Anyone can order a DNA kit from 23andMe’s online store, which is designed to collect a sample of saliva that is then sent back to the company for genetic analysis. The company then provides health recommendations based on the results of the test. People may be advised, for example, to adjust their diet based on the detection of genetic signatures that indicate a greater risk for celiac disease, which causes gluten sensitivity.

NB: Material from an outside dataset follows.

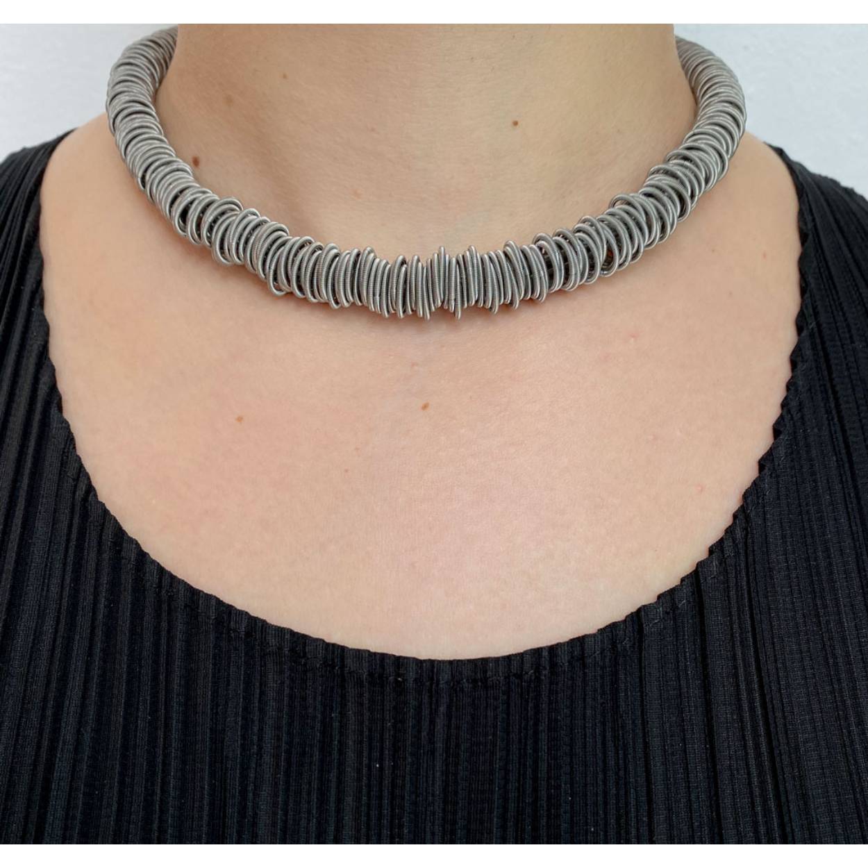 Het materiaal van het collier is edelstaal, de lengte van het collier is 41 cm en het heeft een magnetische sluiting.

In the letter, the FDA clarified that the intended use of 23andMe’s product expanded for use in “diagnosis of disease or other conditions, or in the cure, mitigation, treatment, or prevention of disease, or is intended to affect the structure or function of the body.” The agency also pointed out that the company markets PGS as a tool that provides insight about a person’s “carrier status,” “health risk,” and “drug response” with regard to over 250 diseases and conditions along with actionable steps that can be taken toward “managing serious diseases.” The problem is that this growing list of proposed uses for the PGS device has yet to be classified and obtain premarket approval — an issue that the FDA had communicated to 23andMe on previous occasions.

“Some of the uses for which PGS is intended are particularly concerning,” the FDA wrote in the communications, “because of the potential health consequences that could result from false positive or false negative assessments for high-risk indications.” The agency noted that a false positive for a gene that is a red flag for breast or ovarian cancer, for example, could result in a patient undergoing an invasive battery of tests and procedures that are unnecessary. Conversely, a false negative could mislead patients away from undergoing necessary tests.

The FDA also warned that 23andMe could provide misleading assessments that result in patients dangerously changing their drug regimen. “The risk of serious injury or death is known to be high when patients are either non-compliant or not properly dosed,” the letter warned, “[C]ombined with the risk that a direct-to-consumer test result may be used by a patient to self-manage, serious concerns are raised if test results are not adequately understood by patients or if incorrect test results are reported.”

According to the letter, the FDA’s Office of In Vitro Diagnostics and Radiological Health had been “diligently working to help” 23andMe properly comply with regulatory standards since July of 2009. Specifically, The FDA guided the company towards obtaining various types of approval by, for example, proposing labeling modifications as well as explaining the kind of clinical data that needs to be submitted. “However, even after these many interactions with 23andMe, we still do not have any assurance that the firm has analytically or clinically validated the PGS for its intended uses, which have been expanded from the uses that the firm identified in its submissions.”